Model of multiple managers in manager turnover and fund flow relationship
Similar to a traditional event study of stock returns, an event study on fund flow aims to parsimoniously purge raw fund flow of the influence of all performance and non-performance characteristics other than the manager turnover and thereby isolate the incremental flow due to the managerial structure change from sole to team. To compute flow we estimate a time-series benchmark regression for each individual fund i, in which we take flow and performance control variables into account in the previous period.
- F_(i,t)=γ+ β_1 〖SF〗_(i,t) +β_2 〖RET〗_(i,t) + β_3 R_(i,t-1)+β_4 〖turnover〗_(t-1)*team+ β_5 〖turnover〗_(t-1)+β_6 team+β_7 F_(t-1)+ε_t,
where Fi,t is the net dollar flow to fund i at month t, RETi,t-1 is fund i’s raw return in month t-1. SFi,t is the aggregate net flow to all funds in the same style category as fund i at month t, Ri,t−1 is fund i’s performance at month t calculated by using Carhart (1997)’s four factor model, and Ft−1 is the net flow to fund i at month t − 1. Team is a dummy variable equals to 1 if fund i has a multiple manager structure such as 2, 3, 4 or more managers take charge of portfolio investment decisions, 0 if fund i is managed by sole manager. The coefficient on turnover, β_5, capture the effect of manager turnover event to fund flow for fund i at month t-1. The coefficient β_4 captures the changes in the metrics that is uniquely associated with the effect of team managerial structure in the event of manager turnover to investors’ perception reflected in fund flow changes. In accordance with our hypothesis two, we expect that if managerial structure has an effect to fund flow when there is managerial turnover, the coefficient β_4 will have a significant negative value.
Team size’s effect on manager turnover event
Since previous study shows that there is a relationship between team size and fund performance.
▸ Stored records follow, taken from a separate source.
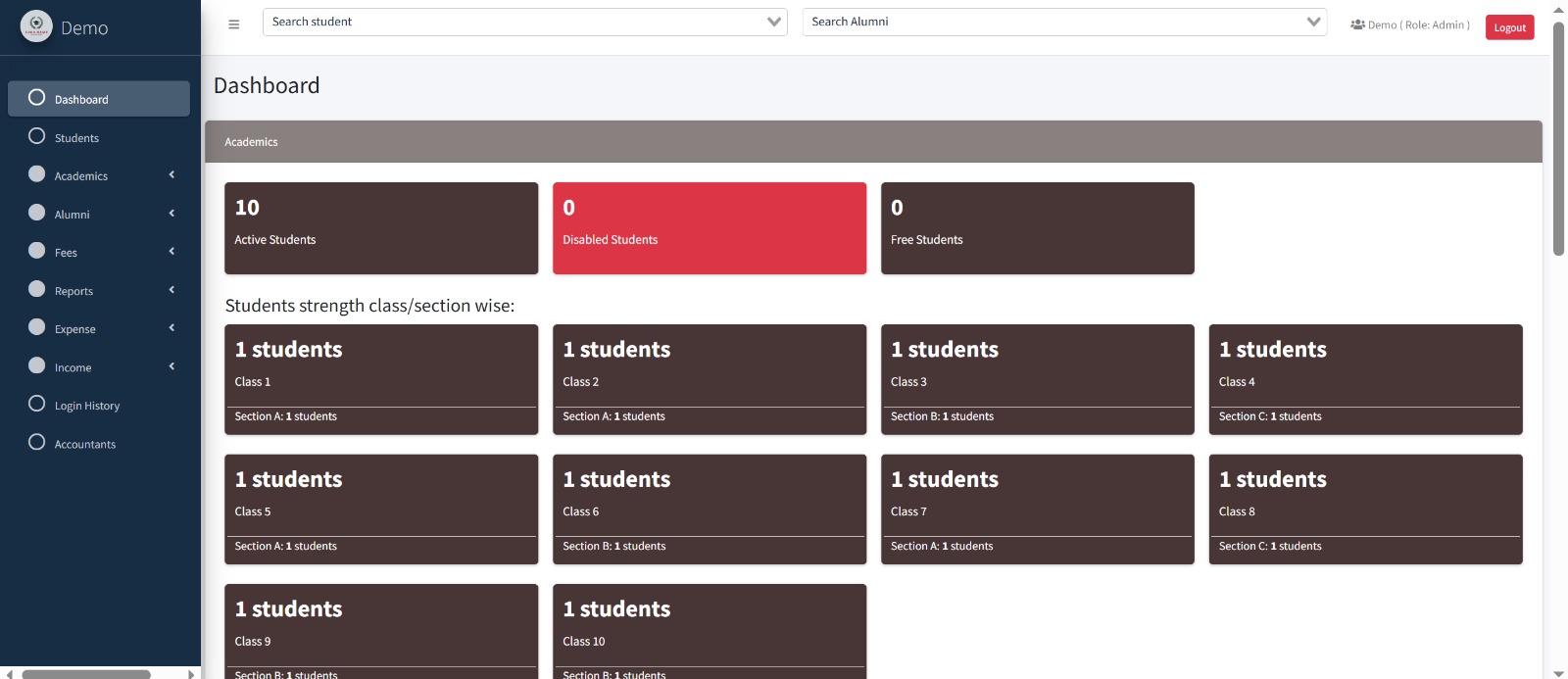 School Administrator“The accounting and fee management features are excellent.” Fee slips, defaulter lists, and financial reports are generated automatically, which has reduced our workload a lot.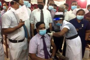 கொவிட் -19 நோய்த்தொற்று தடுப்பு நடவடிக்கையில் ஈடுபடும் மருத்துவ சேவையாளர்கள் மற்றும் சுகாதாரத் துறையினர்கள் நால்வருக்கு யாழ்ப்பாணம் போதனா வைத்தியசாலையில் தடுப்பூசி ஏற்றும் பணி ஆரம்பித்து வைக்கப்பட்டது.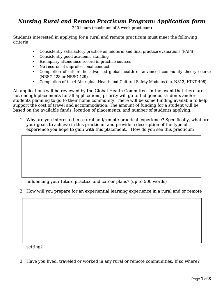 What is Nursing Rural and Remote Practicum Program: Application Form?
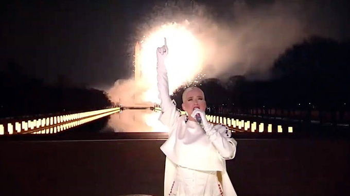 Ngoài bắn pháo hoa, buổi lễ mừng ông Biden nhậm chức còn có sự tham gia buổi diễn của nhiều nghệ sĩ nổi tiếng. Trong ảnh, Katy Perry biểu diễn trước Tượng đài Washington tối 20/1.

For instance, Mueller (2012) documents that smaller teams display superior performance than larger teams. They further provide evidence that any group composed of 4 or more individuals will see significant increase in coordination costs within the group and diminishing motivation across members of the group. Hamilton et al. (2003) also present a nonlinear benefits of team size, finding that the largest increases in productivity of workers when they join the teams at the early stages of team formation. A profound study of Laughlin et al. (2006) find that when dealing with highly intellective problems, 3-person groups performs better than the best individuals, but more members do not add extra performance gains. In a similar vein, it is reasonable to assume that team size has a nonlinear effect on fund flow when there is manager turnover. Now we examine this effect by running the following regression model:
- F_(i,t)=γ+ β_1 〖SF〗_(i,t) +β_2 〖RET〗_(i,t) + β_3 R_(i,t-1)+β_4 〖turnover〗_(t-1)*team+ β_5 〖turnover〗_(t-1)+β_6 2FM+〖β_6 3FM+β_6 4FM+β_6 5FM+β〗_7 F_(t-1)+ε_t,
Where 2FMit, 3FMit, 4FMit, and 5FMit are dummies that equal 1 if the fund has 2, 3, 4, and 5 or more managers, respectively, at the end of the calendar year and 0 otherwise. Other variables are defined as before.